| PROBLEM TO WORK ON |
Exclude all pictures. Then restate, word for word, the entries from the first line through the line that contains "When air is".

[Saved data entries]
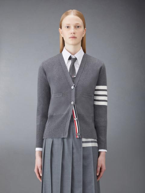 Medium Grey Cotton Crepe V-Neck 4-Bar Cardigan
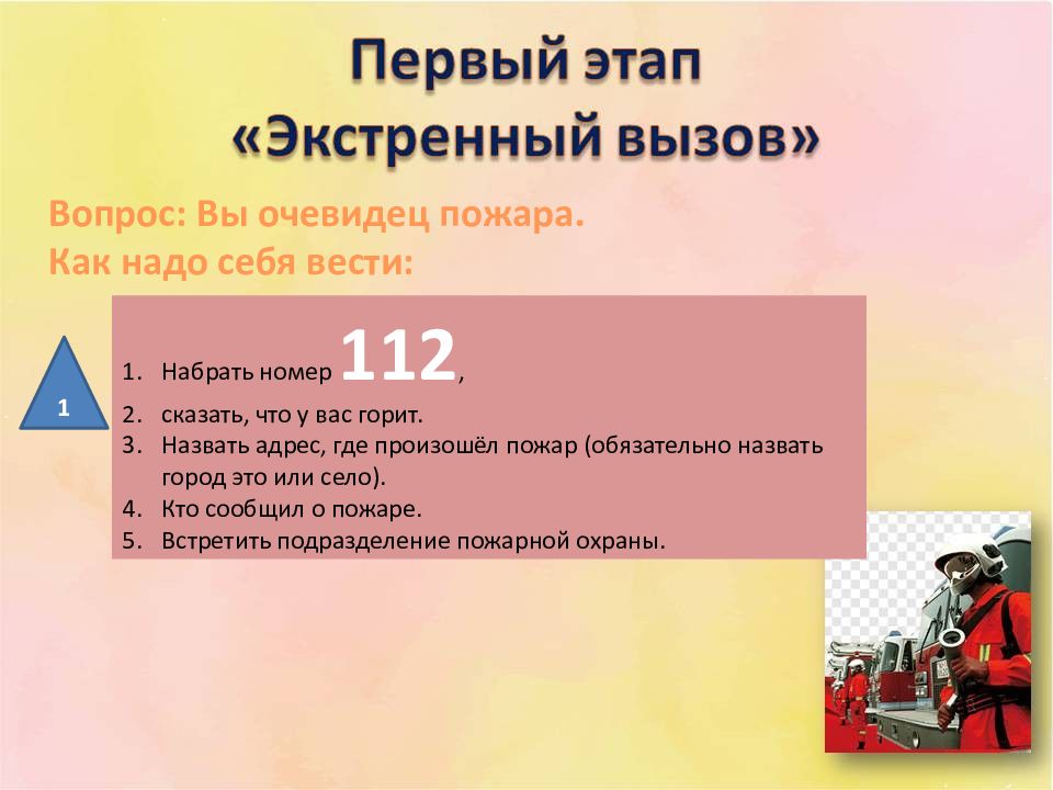 Вопрос: Вы очевидец пожара. Как надо себя вести: Набрать номер 112, сказать, что у вас горит. Назвать адрес, где произошёл пожар (обязательно назвать город это или село). Кто сообщил о пожаре. Встретить подразделение пожарной охраны. 1
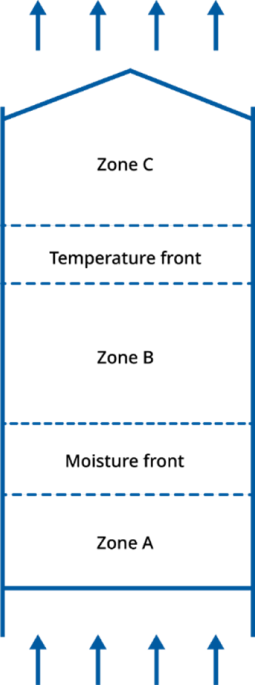 When air is passed over the grain inside the silo, 3 zones and fronts are formed in the silo. Figure 2 shows schematically the zones formed inside a silo, where the aeration process continues.
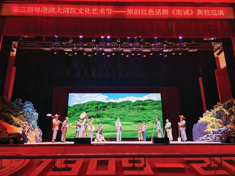 “看完內(nèi)心久久不能平靜,我被他們的革命精神深深感染了!”“整部話劇故事感強(qiáng),脈絡(luò)清晰,跌宕起伏,讓我有一種身臨其境的感覺,仿佛回到了那個(gè)血雨腥風(fēng)的歲月。”9月24~27日,作為第三屆粵港澳大灣區(qū)文化藝術(shù)節(jié)系列活動(dòng)之一,惠州原創(chuàng)紅色話劇《忠誠(chéng)》先后走進(jìn)廣東工業(yè)大學(xué)、華南農(nóng)業(yè)大學(xué)、中山大學(xué)、華南理工大學(xué),用生動(dòng)的劇情、沉浸式的演繹為學(xué)子們送上一堂生動(dòng)的紅色教育課。
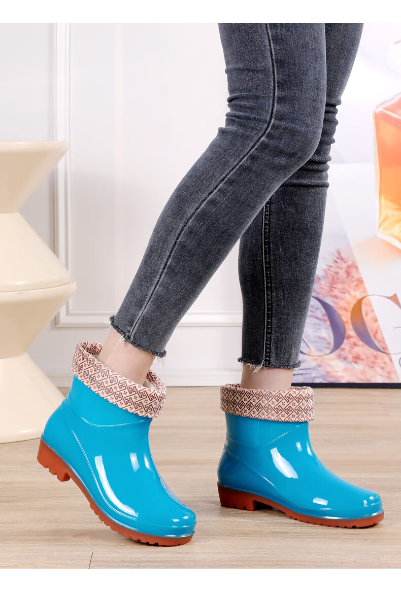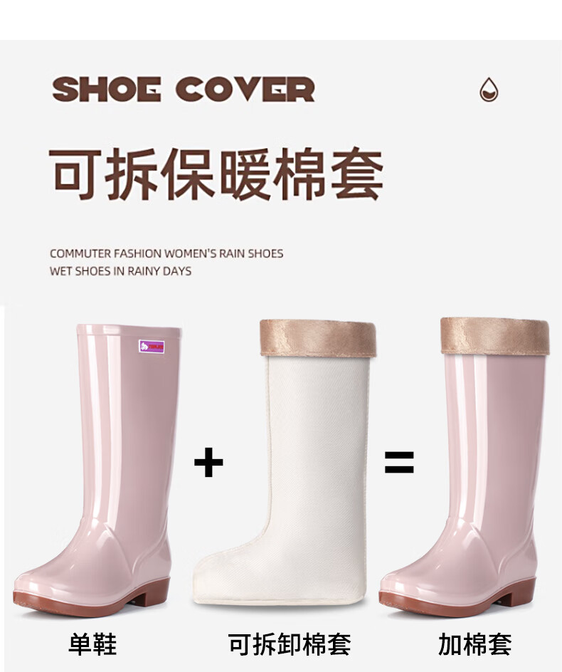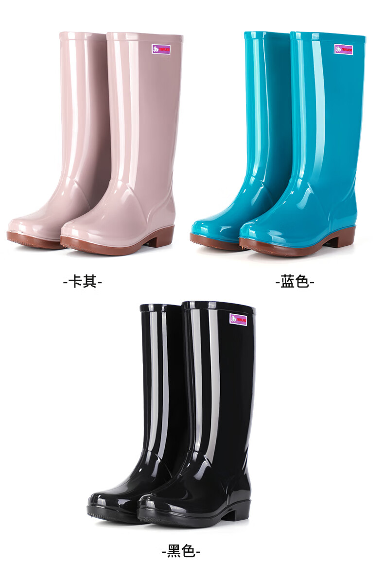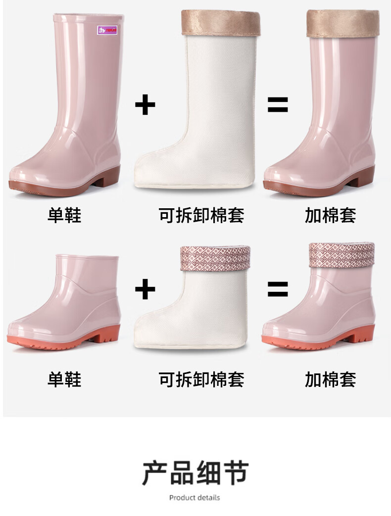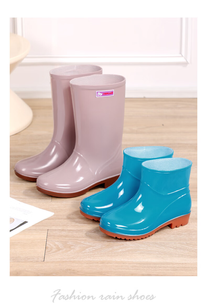 Women's high tube long tube waterproof and non-slip medium tube short tube rain boots plus cotton warm kitchen work rubber shoes 666 medium tube/khaki [single shoes] Standard size 37
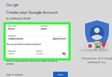 Follow all the instructions on the page, filling out all the needed details. Most email services ask for your name, birthdate, and gender. Some may ask for a phone number and address, but this isn't super common. If the email provider you're signing up with is asking for a phone number or address and you're not comfortable giving that out, consider trying a different email provider.

| SOLUTION TO THE PROBLEM |
 Medium Grey Cotton Crepe V-Neck 4-Bar Cardigan
 Вопрос: Вы очевидец пожара. Как надо себя вести: Набрать номер 112, сказать, что у вас горит. Назвать адрес, где произошёл пожар (обязательно назвать город это или село). Кто сообщил о пожаре. Встретить подразделение пожарной охраны. 1
 When air is passed over the grain inside the silo, 3 zones and fronts are formed in the silo. Figure 2 shows schematically the zones formed inside a silo, where the aeration process continues.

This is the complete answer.